- Excerpted records -
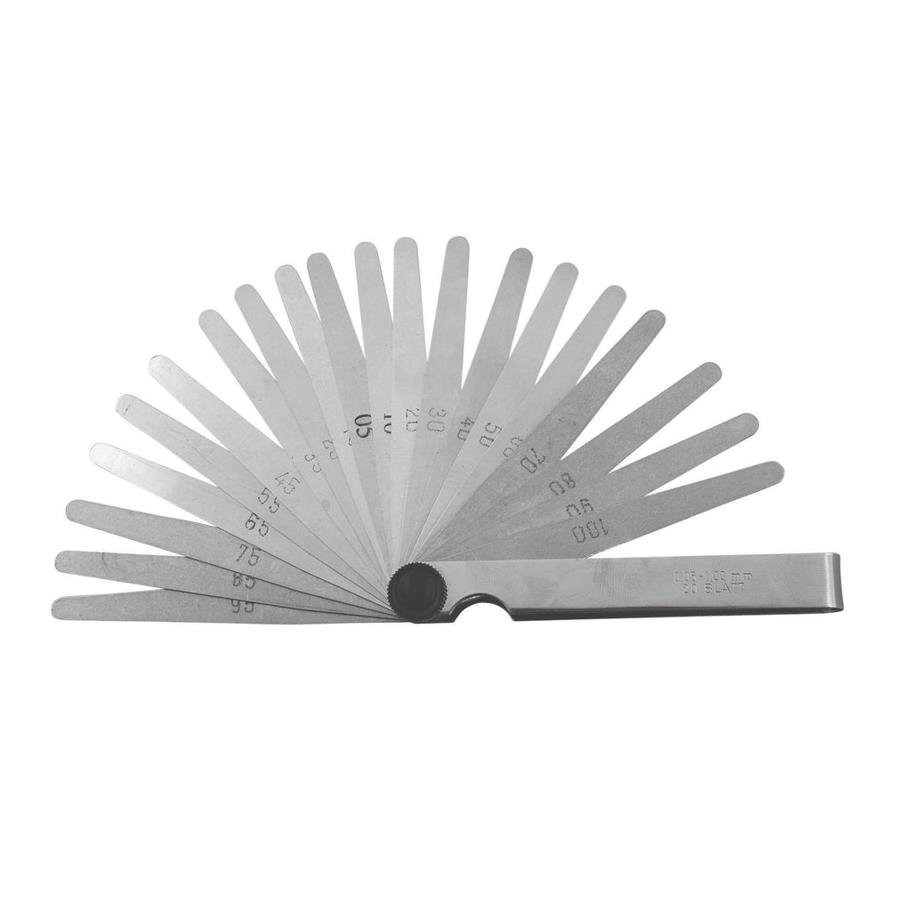 Fjederkonstante stålblade i konisk form med påskrift af tykkelse. Forniklet holder med nittet led som kan spændes. Nøjagtighed efter klasse T2.
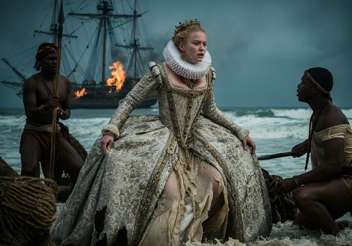 A dramatic image shows a shipwrecked Queen stumbling onto a beach as a tribal warrior approaches. She wears a tattered Renaissance gown with baroque jewels, set against a burning galleon, with dramatic lighting.
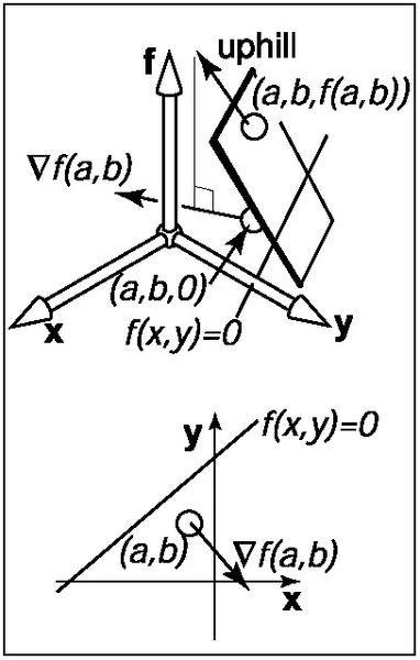 - Another participant introduces the idea that the gradient can be expressed in terms of directional derivatives, indicating that the gradient is perpendicular to level curves.
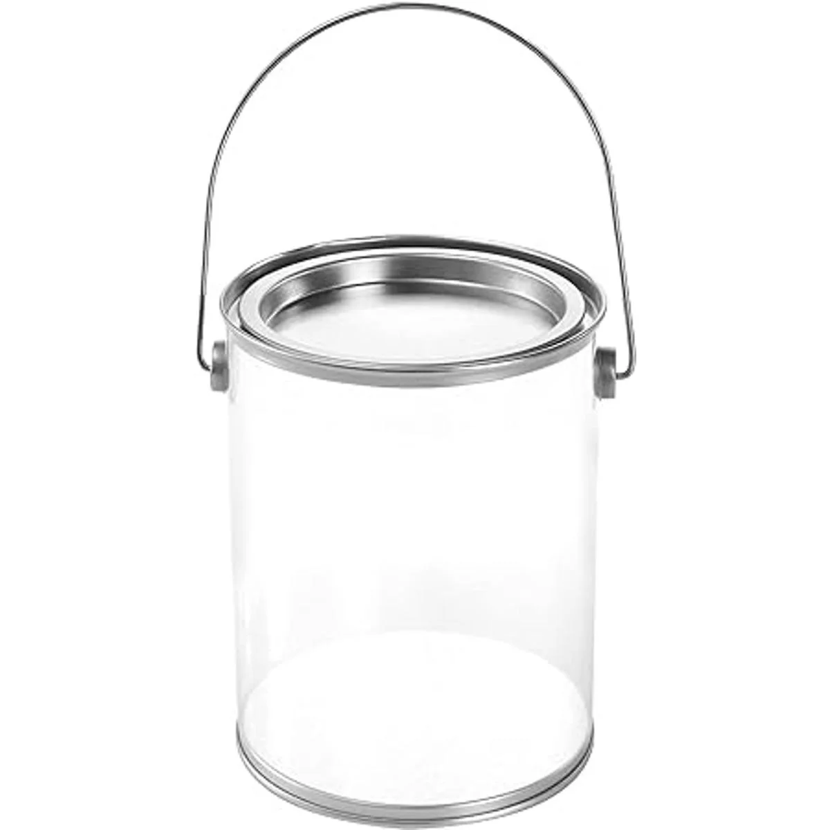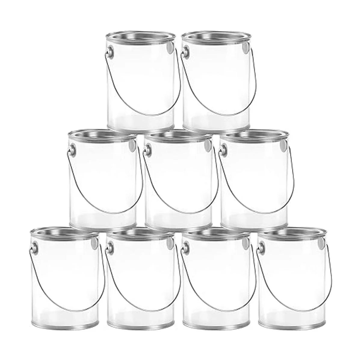 Hedume Paquete de 9 recipientes de pintura transparentes con tapas de metal, latas de almacenamiento de pintura vacías de 5 pulgadas de alto, cubos de pintura sintética decorativos de tamaño cuarto de galón, ideal para recuerdos de fiesta, decoración y bricolaje
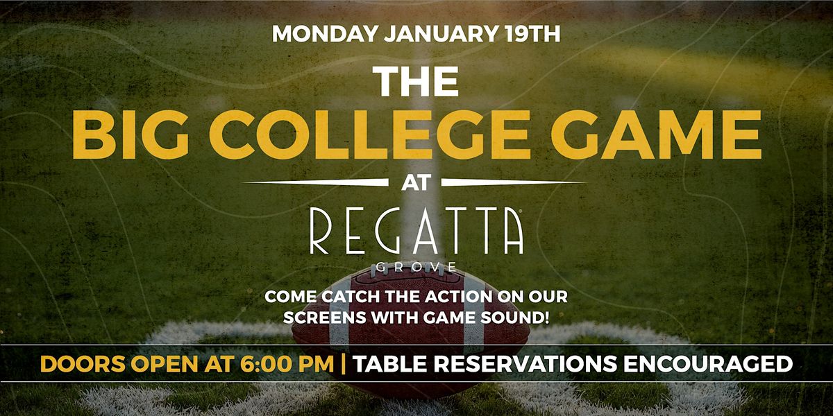 Join us Monday, January 19th at Regatta Grove for The Big College Game. We’re bringing the full game-day experience with our screens, game sound ON, and unbeatable Regatta vibes all night.

- Work request -
Exactly as they appear above, write out all the entries, but not the images.

- Completed task -
 Fjederkonstante stålblade i konisk form med påskrift af tykkelse. Forniklet holder med nittet led som kan spændes. Nøjagtighed efter klasse T2.
 A dramatic image shows a shipwrecked Queen stumbling onto a beach as a tribal warrior approaches. She wears a tattered Renaissance gown with baroque jewels, set against a burning galleon, with dramatic lighting.
 - Another participant introduces the idea that the gradient can be expressed in terms of directional derivatives, indicating that the gradient is perpendicular to level curves.
 Hedume Paquete de 9 recipientes de pintura transparentes con tapas de metal, latas de almacenamiento de pintura vacías de 5 pulgadas de alto, cubos de pintura sintética decorativos de tamaño cuarto de galón, ideal para recuerdos de fiesta, decoración y bricolaje
 Join us Monday, January 19th at Regatta Grove for The Big College Game. We’re bringing the full game-day experience with our screens, game sound ON, and unbeatable Regatta vibes all night.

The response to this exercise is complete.